At callout C, the stored procedure uses another OpenXML statement to populate the OrderDetail table. This statement's structure is nearly identical to that of the statement that populated the OrderHeader table. Note, however, that because /ROOT/DICTIONARY/DICTITEM/VALUE/SIMPLELIST/LISTITEM/VALUE/DICTIONARY repeats in the XML document, this statement returns more than one row of data. You can see the power of combining the OpenXML rowset function with an INSERT, UPDATE, or DELETE statement. With one call to OpenXML, you can retrieve multiple rows of data from an XML document and store that data in a table, a local T-SQL variable of type TABLE, and so on. After extracting the data you need from the local XML document, you no longer need access to the document. You can remove the XML document from memory by using the system stored procedure sp_xml_removedocument, as callout D shows. Figure 4 shows the resulting data in the two permanent SQL Server tables OrderHeader and OrderDetail.
Voilà! You've now seen how to pass a structured, hierarchical set of rows from an application to a SQL Server 2000 database. You've also seen how to populate multiple database tables—all in one call to the database—by sending one simple text input parameter to a stored procedure. To make the sample application relatively simple, I limited the data sent to the database to just a few rows. You can see the power and efficiency of this technique even more when you're working with complex applications.
Packaging hierarchical or variable-size data into an XML document, then sending the XML to SQL Server gives you two main benefits: increased efficiency because of fewer network round- trips and a data tier that's conceptually simple and easy to code and test. The increased efficiency you gain by limiting the number of round-trips between the application and SQL Server might not be apparent where the volume of data exchange is relatively low. Web and client/server architectures typically call for a high-speed connection between the application and SQL Server anyway. But in high-volume situations and environments that use low-speed connectivity between the application and SQL Server, you'll see significant performance advantages of using XML to write data to SQL Server.
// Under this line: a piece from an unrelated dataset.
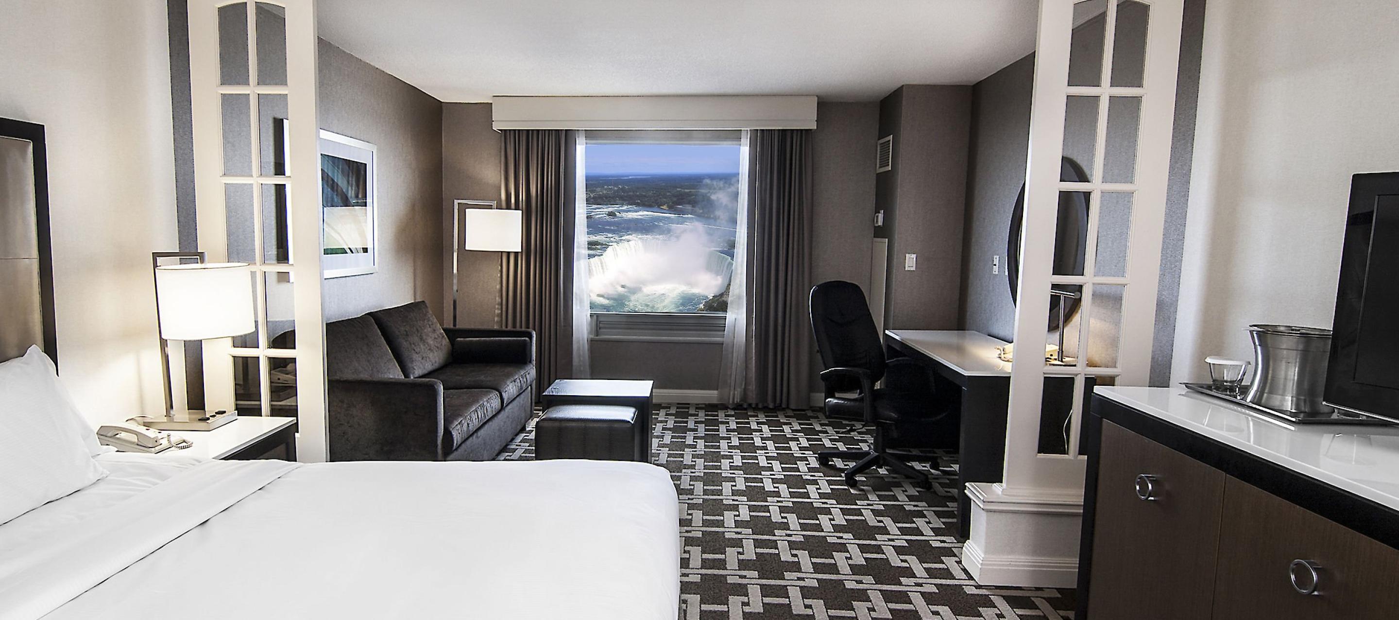 Hilton Niagara Falls is designed with our guests’ comfort and convenience in mind, offering a variety of modern room options, including Jacuzzi tubs, high-definition TVs, and fireplaces. Whether it's a weekend getaway or an extended vacation, you can’t go wrong when making the Hilton Niagara Falls/Fallsview Hotel and Suites your destination of choice when visiting Niagara Falls.

However, the second benefit—an easy-to-code data tier—is just as important as the first. By sending XML to SQL Server as a single input parameter to a stored procedure, the data tier no longer needs to be aware of the underlying database structure. That knowledge now lies in the stored procedures that use OpenXML to map XML nodes to tables, rows, and columns. Even in this article's simple example, the data-tier components had to call at least two stored procedures to insert a new order. The components had to know in what order to call these stored procedures and what parameters to pass to each. In addition, the components had to call the stored procedure responsible for inserting the order-detail rows a variable number of times, depending on how many line items the order contained. But if you package the data as XML and use OpenXML to map the data into SQL Server, the data tier needs to know only the one stored procedure that inserts an order and the one input parameter that this procedure uses.